Many topics were circumvented at the London Summit and that was deemed expedient by Mr. Obama. Foreign leaders tried to alternate between mitigation of immediate bleeding and read into the mind of Mr. Obama, the apprentice crafter of foreign policy, just as the paroled Bill Clinton during his first round of visits to Europe. Free trade was affirmed as a common principle, but the environment was shoved to the backburner. And the crucial question, or “change we can believe in” from American side, the sum and substance of it all was not addressed in good enough detail: how could a stable financial system, an integrated, but lightly regulated supra-national, financial system in search of forum shopping and national financial autonomy could be compatible or sustainable in a global system? Especially without a commonly defined early warning system? And what happens to so-called classic economic theories, when two-thirds of world producers exceed sermons of IMF on overall debt limit vs. total GDP and expect relatively small economies (Russia, China) to rescue Europe and U.S.A.?

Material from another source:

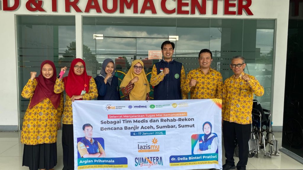 RS PKU Aisyiyah Boyolali Kirim Relawan Kesehatan ke Daerah Bencana Sumatra RS PKU Aisyiyah Boyolali melepas dua relawan kesehatan, dr. Della Bintari Pratiwi dan Argian Prihatnala, untuk bertugas di daerah terdampak banjir di Sumatra, Jumat (2/1/2026). Keduanya akan bergabung dalam satu Tim Kesehatan bersama RS PKU Muhammadiyah Gamping, Yogyakarta. Tim relawan dijadwalkan berangkat melalui Bandara Ahmad Yani Semarang pada Sabtu (3/1/2026) dan akan melaksanakan tugas kemanusiaan selama dua pekan, mulai 4 Januari hingga 17 Januari 2026, di wilayah Aceh, Sumatra Utara, dan Sumatra Barat. Direktur RS PKU Aisyiyah Boyolali, dr. Zahrosofi Ahmadah, MARS, dalam sambutan pelepasan relawan berpesan agar penugasan tersebut diniatkan sebagai ibadah. “Ibadah bukan hanya ritual seperti salat, puasa, atau haji. Ibadah memiliki makna yang luas, yakni seluruh aktivitas yang diwujudkan sebagai bentuk ketaatan total kepada Allah dalam seluruh aspek kehidupan,” ujarnya. Acara pelepasan relawan tersebut turut dihadiri Wakil Direktur Administrasi dan Keuangan, Drs. Thontowi Jauhari, SH, M.Si, serta Kepala Bidang Administrasi dan SDI (Sumber Daya Insani), Purwani, S.Kep., Ners., MARS. Menurut dr. Zahrosofi, membantu meringankan penderitaan para korban bencana merupakan bentuk ibadah kemanusiaan yang bernilai tinggi, bahkan dapat dimaknai sebagai jihad kemanusiaan. “Oleh karena itu, kami berharap dr. Della dan Mas Yayo menjalani tugas ini dengan penuh keikhlasan. Tanpa keikhlasan, pekerjaan berat akan terasa semakin berat. Dengan keikhlasan, pekerjaan seberat apapun akan menjadi ringan. Seberat apa pun tugas relawan, penderitaan korban bencana jauh lebih berat,” tuturnya. Ia juga berharap keberkahan dari pengabdian para relawan dapat mengalir kepada RS PKU Aisyiyah Boyolali sehingga rumah sakit ini semakin menjadi unggul dan berkemajuan. “Menjadi relawan kemanusiaan adalah bagian dari sikap takwa, yakni ketaatan kepada Allah. Manusia diperintahkan untuk saling menolong dan menebarkan kasih sayang. Orang-orang bertakwa dijanjikan kemudahan oleh Allah, baik di dunia maupun di akhirat,” pungkasnya. Sementara itu, dalam kata pamitannya, dr. Della Bintari Pratiwi menyampaikan apresiasi atas kepercayaan yang diberikan. “Bagi saya, ini adalah panggilan profesi. Saya telah lama menginginkan menjadi relawan kesehatan di daerah bencana untuk mengamalkan ilmu kedokteran yang saya miliki. Ketika ditawari untuk berangkat ke Sumatra, saya langsung mengiyakan tanpa berpikir panjang,” ujarnya. Saat ditanya mengenai beratnya tugas sebagai relawan kesehatan di daerah bencana, dr. Della menjawab singkat, “Itu justru tantangan. Saya menyukai tantangan.” MDMC Kerahkan Relawan Muhammadiyah melalui Lembaga Resiliensi Bencana (LRB) atau Muhammadiyah Disaster Management Center (MDMC) Pimpinan Pusat Muhammadiyah mengerahkan ratusan relawan untuk memberikan layanan darurat bagi para penyintas banjir dan longsor di Aceh, Sumatra Utara (Sumut), dan Sumatra Barat (Sumbar). Bencana tersebut dipicu hujan ekstrem akibat Siklon Seyar yang terjadi sejak 25 November 2025, sehingga menyebabkan kerusakan luas serta korban jiwa. MDMC telah mengirimkan tim asistensi tanggap darurat dan mengoordinasikan pengerahan tim-tim profesional dari regional Sumatra dan wilayah Jawa, termasuk Tim Kesehatan, sesuai kebutuhan daerah terdampak. Menurut Purwani, yang juga merupakan anggota Tim Kesehatan Emergency Medical Team (EMT) PP Muhammadiyah, seluruh Rumah Sakit Muhammadiyah dan Aisyiyah (RSMA) di Indonesia dikerahkan untuk mengirimkan tim medis. “Pada prinsipnya, setiap RSMA diminta mengirimkan satu tim. Namun karena keterbatasan personel, RS PKU Aisyiyah Boyolali mengirim dua relawan yang bergabung dengan RS PKU Muhammadiyah Gamping, Yogyakarta,” jelasnya. Ia menambahkan, pada 3 Januari 2026 terdapat tiga tim yang diberangkatkan, yakni dari RS PKU Muhammadiyah UMM (Universitas Muhammadiyah Malang), RSU Muhammadiyah Siti Aminah Bumiayu, Brebes dan Tim gabungan dari RS PKU Aisyiyah Boyolali dan RSMuhammadiyah Gamping Yogyakarta. Pengiriman tim medis dari RSMA dijadwalkan secara bergilir hingga Februari 2026.

The quick rounds of political posturing, in 20-minute installments, are not exactly the stuff of assessable political performance. It was just a preamble and a feeler meeting over lunch. Mr. Obama is preoccupied with volatility back home, at the end of his first quarter on the job. The ranks of unemployed Americans are expanding at the rate of about 33,000 people every workday and pressure is building up. As such, the novice earns the middle grade of five plus extra credit for posturing towards being a consensus builder and a listener. He might not be well set to tame the politico-socio-economic monster that is looking at him squarely in the face, and perhaps he needs more than a smile to deal with it.